他找到一块相对平坦的朽木作为钻板,又用黑曜石小刀削尖一根硬木棍作为钻杆。双手合十,快速搓动木棍,将其顶端抵在钻板的凹槽里。
摩擦,持续不断的摩擦。汗水很快从他的额头渗出,顺着他脏污的脸颊滑落。手臂的肌肉因持续用力而燃烧、颤抖。
昨天的过度消耗让这个平时需要全力以赴的过程变得更加艰难。钻板冒起一丝微弱的青烟,但很快又被海风吹散。他咬紧牙关,加快速度,不顾一切地压榨着所剩无几的体力。
烟越来越浓,他小心地吹气,将准备好的干海草绒凑近。
一点微弱的火星闪烁了一下,旋即熄灭。
他再次疯狂地搓动钻杆。手臂酸痛得几乎抬不起来。肺部如同风箱般剧烈喘息。又一次青烟升起,又一次火星闪现,又一次……熄灭。
海风的湿度、燃料的不理想、体力的严重透支,以及可能因为受伤而变得不稳的手部动作,让这项生存基础技能变得异常艰难。

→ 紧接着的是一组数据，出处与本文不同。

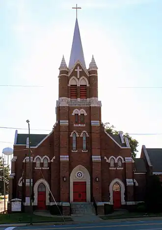 Emmanuel Lutheran Church is a historic Lutheran church building located at 216 S. Aspen Street in Lincolnton, Lincoln County, North Carolina. It was built in 1919, and is a rectangular Late Gothic Revival-style brick church with a four-stage central tower with a conical steeple. It features pale beige terra cotta, cast stone, granite, and poured cement detailing; lancet arched door and window openings; and stepped buttresses.[2]
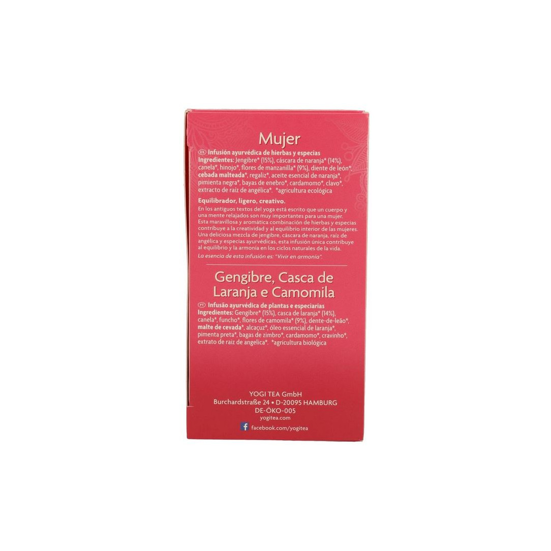Yogi Tea Mujer es una infusión ayurvédica formulada para apoyar el bienestar femenino en todas las etapas de la vida. Su equilibrada mezcla de hierbas y especias como jengibre, cáscara de naranja, raíz de angélica y canela ofrece una experiencia aromática que promueve la armonía interior, acompañando suavemente los ciclos naturales del cuerpo femenino.
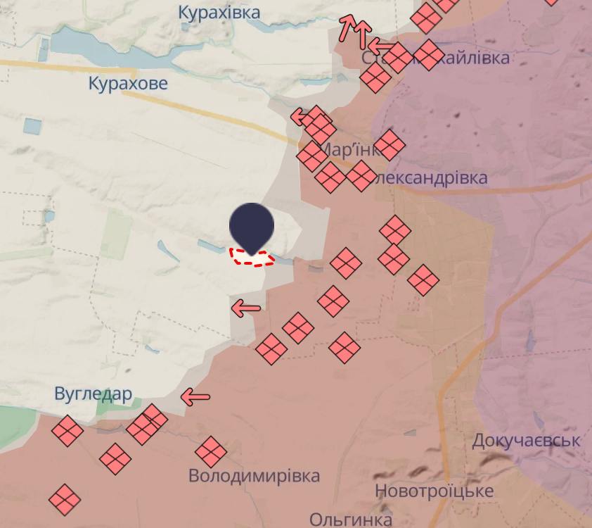 Також російські війська, за даними Deep State, просунулися у Красногорівці. І крім того – на запорізькому фронті: під Урожайним та на захід від Роботино. Про просування на захід від Роботино пишуть і російські військові паблики.
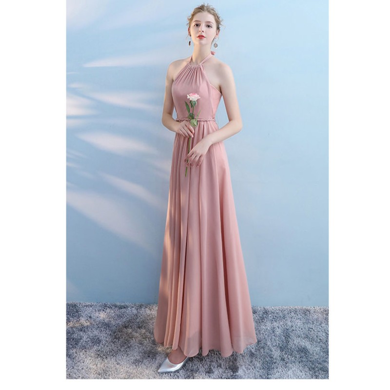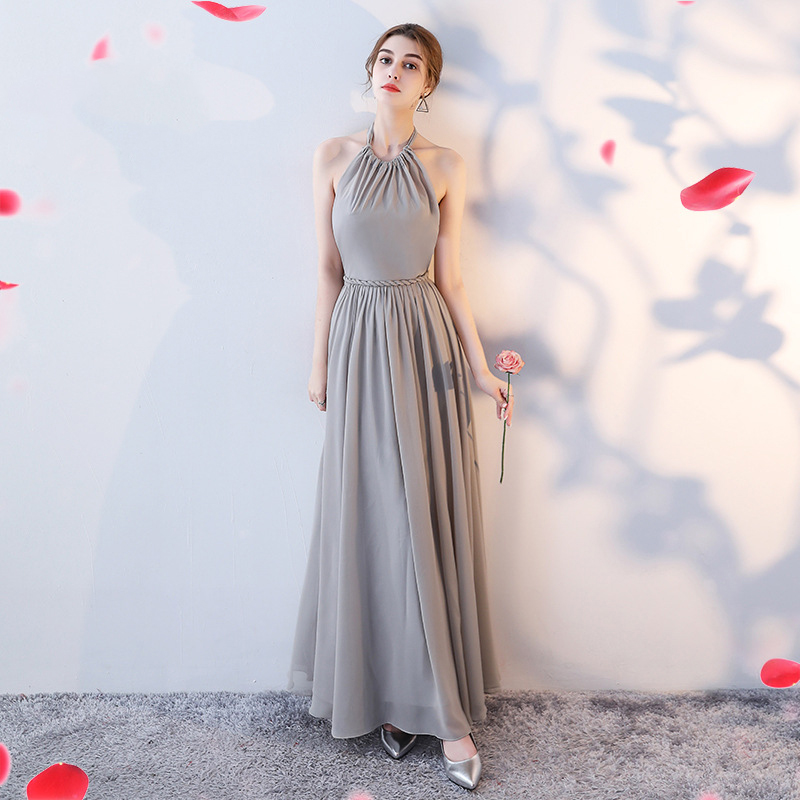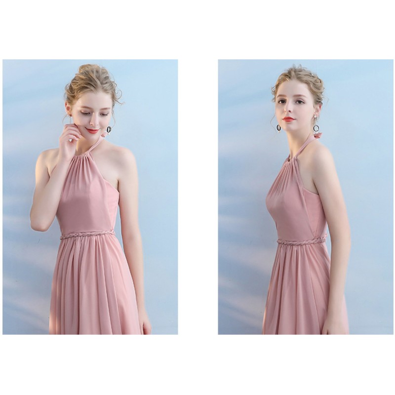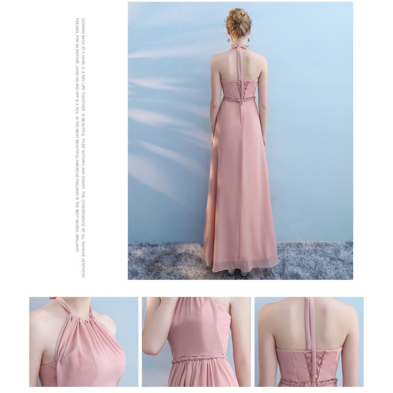 This graceful bridesmaid dress features a flattering halter - neck design that showcases the shoulders and neckline. The bodice is ruched for a figure - enhancing effect, and the waist is accentuated with a delicate braided belt, adding a touch of detail. The flowing chiffon skirt in soft colors like light pink and gray creates a dreamy and elegant look. The back has a lace - up detail, allowing for an adjustable fit and adding a romantic element. Ideal for weddings, it combines style and comfort, making bridesmaids look charming and poised.
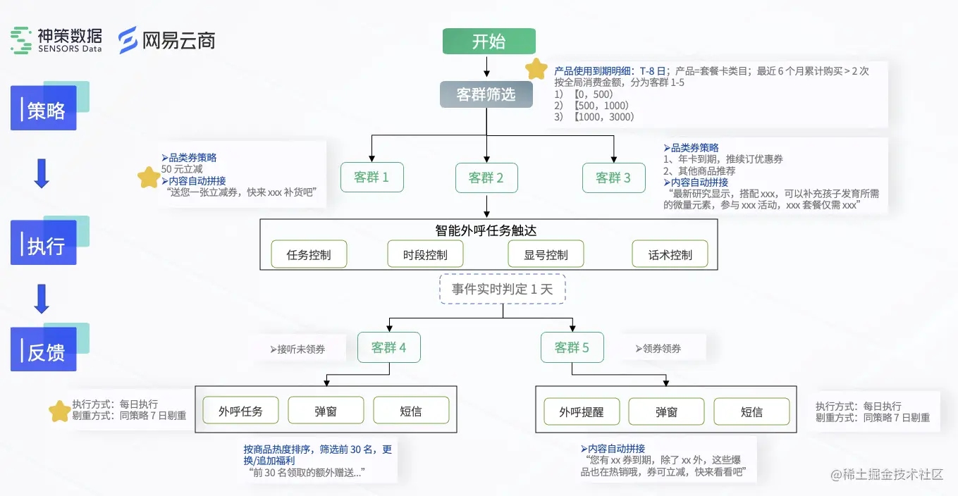 针对此,神策数据联合网易云商发布智能营销解决方案,面向鞋服、母婴、汽车、白酒等泛零售领域打造智能外呼系统,通过打通全域数据、制定实时营销策略,帮助企业全面深入用户运营场景完成精准营销,满足用户需求的同时,实现降本增效,达成经营目标。
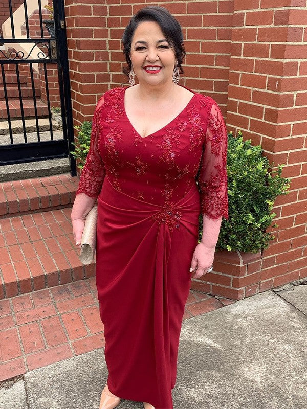 Sheath/Column Elastic Woven Satin Applique V-neck Floor-Length Mother of the Bride Dress
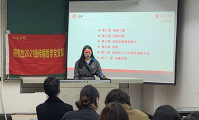 研究生2021级传播哲学党支部于J4505B教室召开《中国共产党章程》专题学习会暨新闻写作专题培训会,大会由研究生2021级传播哲学党支部书记陈子龙同志主持推进,支部共37名党员、党员发展对象、入党积极分子参加会议。大会主要内容是集中学习《中国共产党章程》以及新闻写作规范。
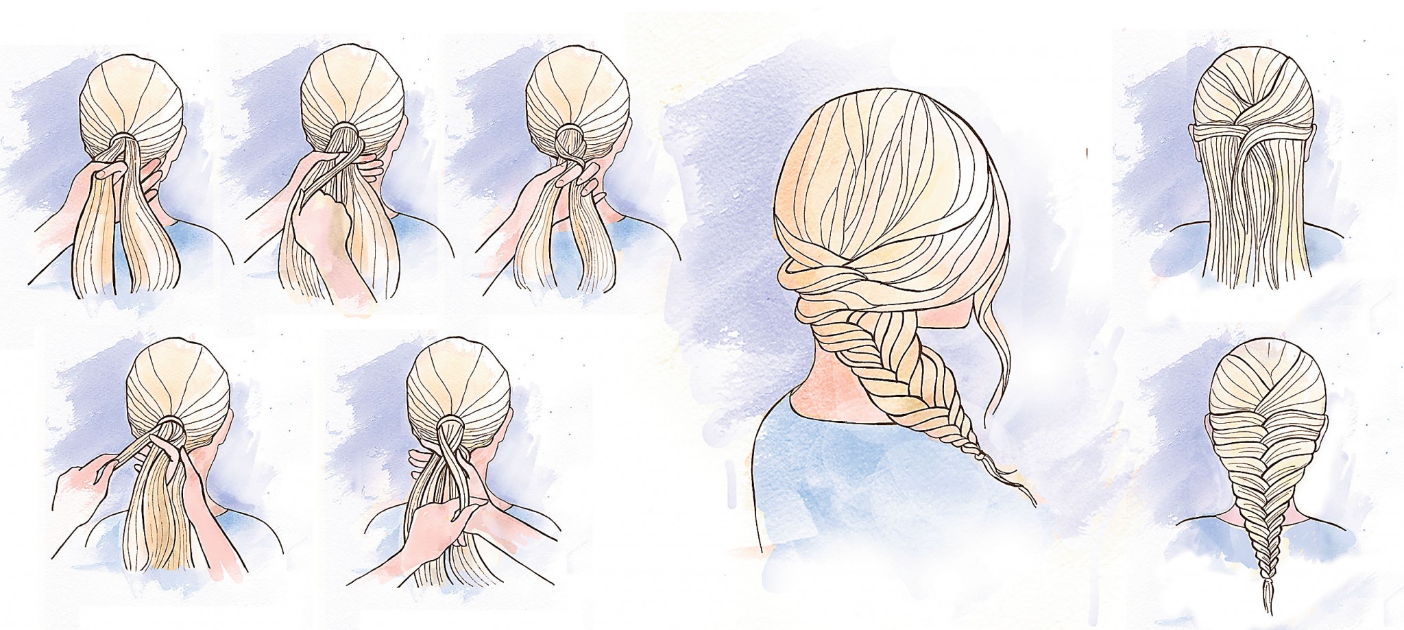 - По мере плетения пряди будут перекрещиваться в центре и, когда ты дойдешь до конца, получится «рыбий хвост».

尝试了数次,每一次都功亏一篑。绝望开始像冰冷的潮水般慢慢淹没他。没有火,一切都会加速崩溃。
他瘫坐在地,剧烈地咳嗽着,看着那堆毫无生气的引火物,一股巨大的无力感攫住了他。没有火,如何对抗无处不在的腐败和寒冷?
他的目光无意识地扫过那个从沉船里捞起的破烂木箱。里面的工具大部分是废铁,那几枚铜钉是最大的收获。
等等……
他的视线定格在箱子角落的一团污秽不堪、黑乎乎的东西上。之前他的注意力全在金属上,忽略了它。那是什么?像是某种织物,包裹着什么东西。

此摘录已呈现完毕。